Ароматичность их не улетучивается... какая-то вечная... «Песнь песней» так и начинается с ароматичности — и никакое другое слово не повторяется в ней так часто, в стольких изгибах, оттенках, разнообразии, как это слово, название, ощущение... Если бы возможно было произведения человеческого гения или воображения распределить по категориям пяти чувств, сообразно тому, которое из них было господствующим, творящим в данной поэме или рассказе, то «Песню песней» без всякого колебания все отнесли бы к редкой, исключительной, немногочисленной группе произведений обонятельных ли, ароматичных ли, — как угодно. Сюжета она почти не имеет, рассказ в ней тускл или неясен; и никто не задается вопросом, о чем, собственно, здесь говорится, где «подлежащее» этой фабулы и где ее «сказуемое». Вся поэма как-то дремотна... Точно она прошептана в дремоте, когда еще душа и все чувства не пробудились или когда они не заснули; но, во всяком случае, — когда они ушли от действительности, от дня и отчетливости дневных очертаний. Рисунок ее также неясен, и вообще это далеко не зрительная и не красочная поэма... Ее музыка... Да, она есть; но она вся происходит от этих сгибов и перегибов, теней и полутеней чего-то сладкого, и именно сладко-ароматистого, что льется в поэме или, точнее, отделяется от поэмы и волнует нас темным безглазым волнением. Это самая ароматичная и тайная поэма во всемирной литературе.

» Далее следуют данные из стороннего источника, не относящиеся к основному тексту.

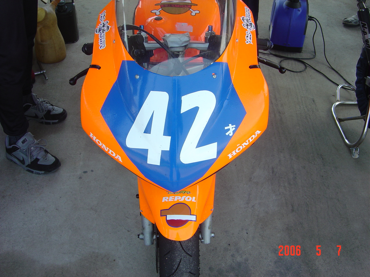 おやじっち海賊団団長のバイクです。42才と書いてあるように見えますがタダの#42だと信じています。久しぶりにHOBBYのレースに来てくれました。九州のロードコースではかなり名の知れたライダーなのですが、とても気さくでカッコつけないスタイルが沢山のライダーの信頼を得ています。もちろんワタシも大好きで尊敬出来るライダーの一人です。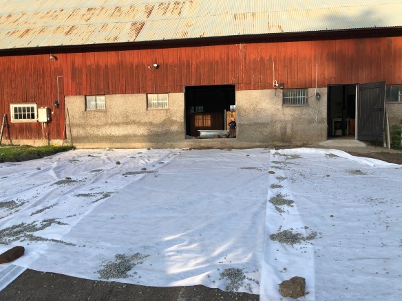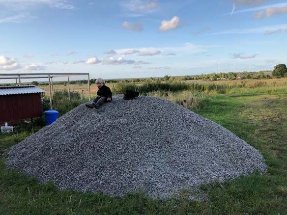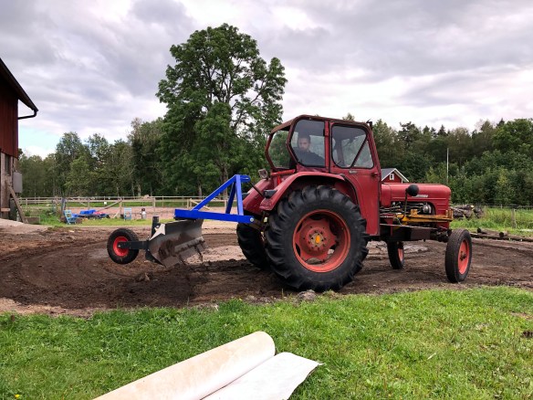 Roligare besked fick vi när vi ringde grusleverantören och beställde grus till stallet, de kommer redan idag, (onsdag)! Marken jämnade Axel och traktorn till häromdagen och markduk är utlagt.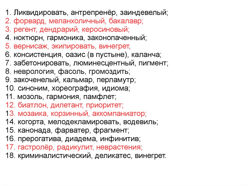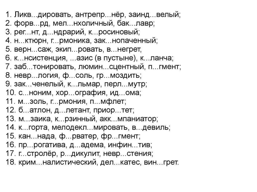 1. Ликв...дировать, антрепр...нёр, заинд...велый;2. форв...рд, мел...нхоличный, бак...лавр;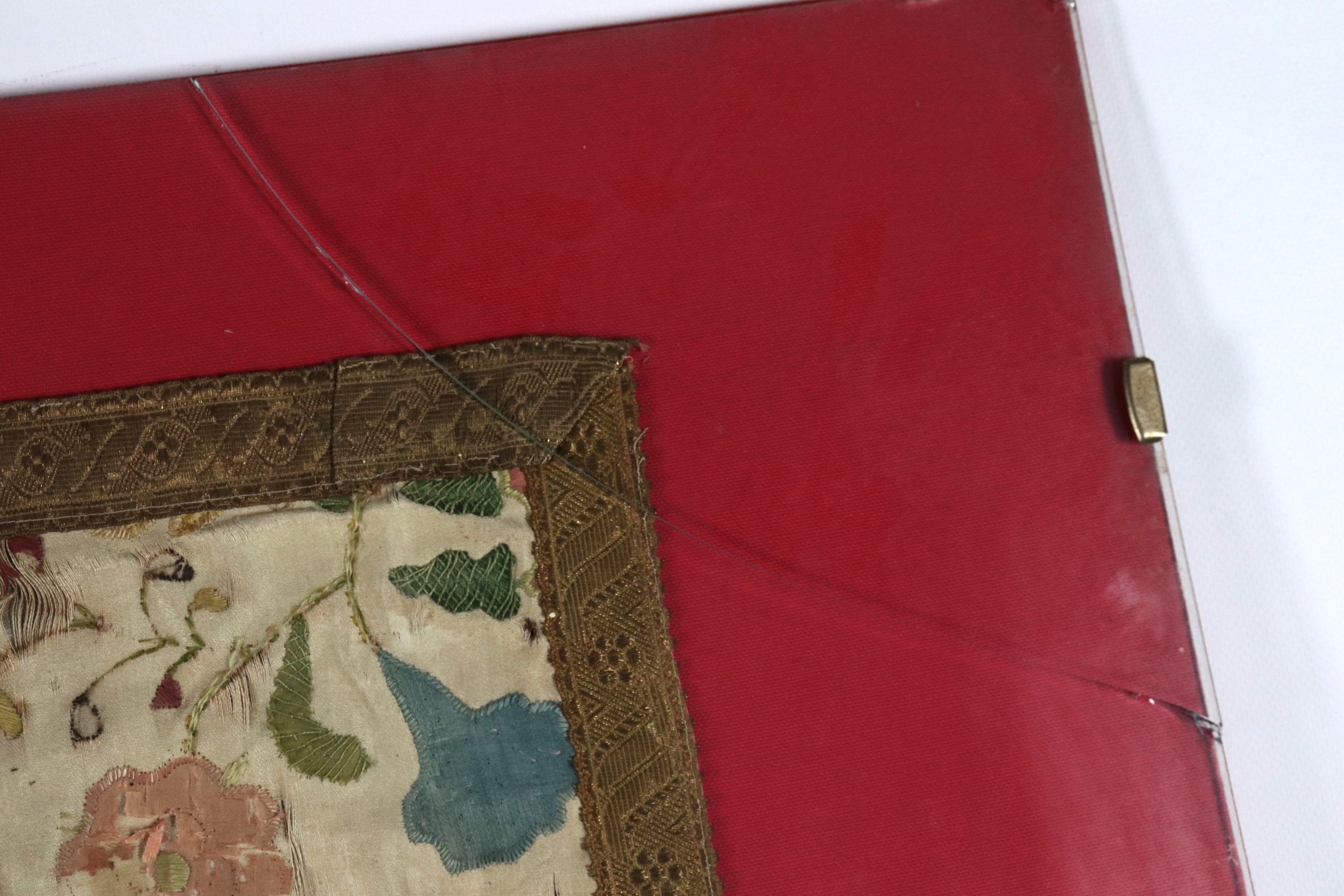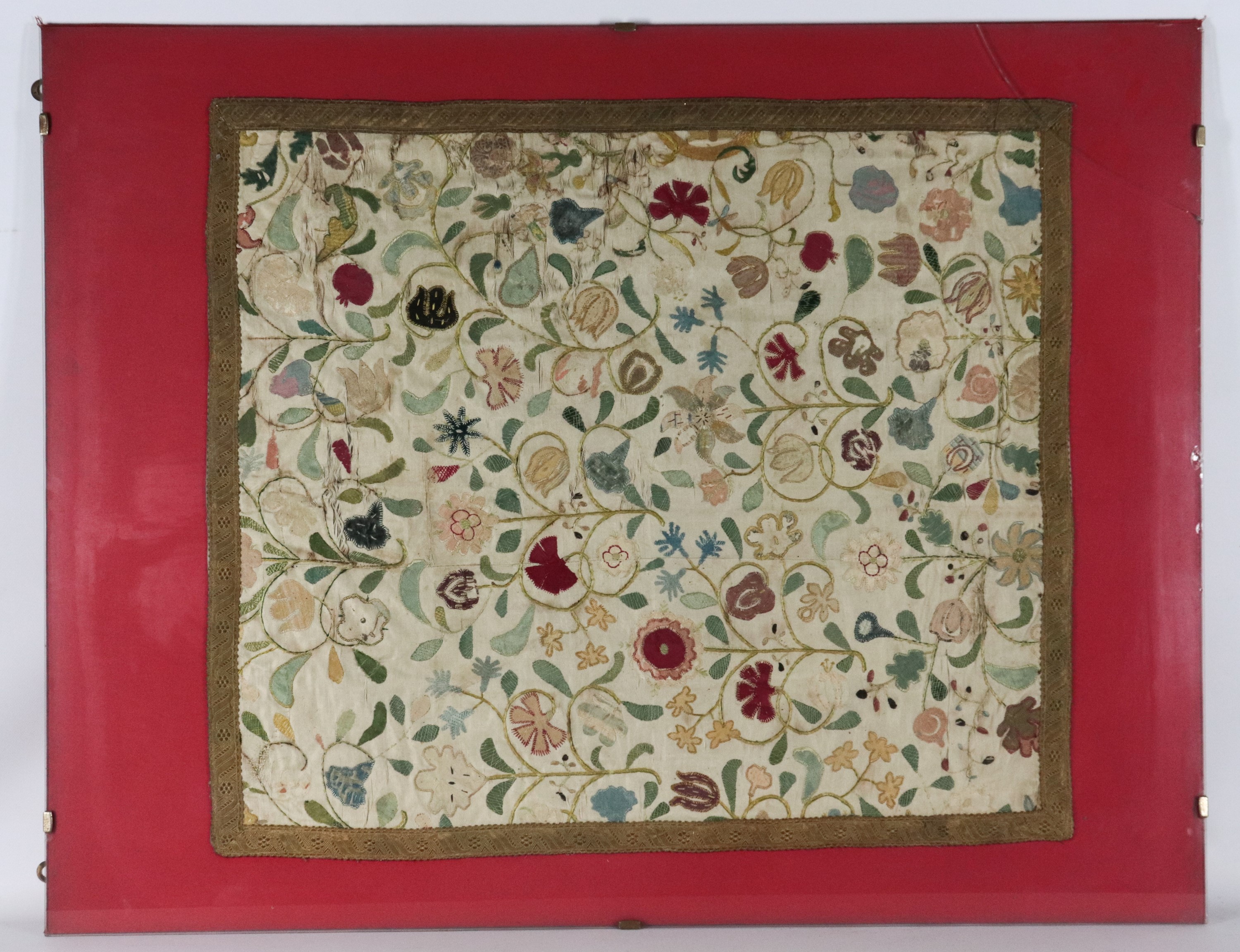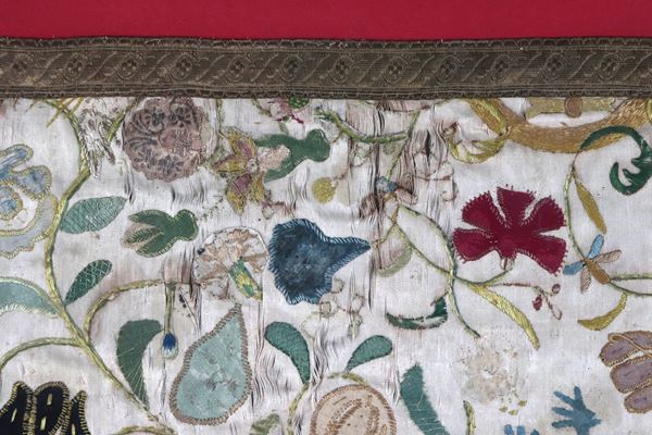 Ancient embroidered fabric drape with polychrome floral allegory motifs

Как чудно ее имя; поистине «Соломонова мудрость» вложена в самое ее название: — «Песнь песней». Оно выражает, что в поэме уловлено то, что в самой песне составляет песню, что входит певческим началом во все всемирные песни, и какие пропеты, и какие будут петься. «Вот, люди: все вы поете, когда вам хорошо, когда вы счастливы. В этой песне я даю вам то, отчего вы все поете, отчего вы счастливы. Капля ее, растворенная в озере других слов, уже превращает их в лазурные песни, сказки, поэмы. Здесь же нет слов, или они тусклы, тягучи, немногочисленны: их ровно столько, сколько наименее можно было взять, чтобы выразить самую сущность того, от чего происходит певческое начало во всем мире. Потому это и есть песня песней: как бы от нее все песни получили свой исток, начало, одушевление».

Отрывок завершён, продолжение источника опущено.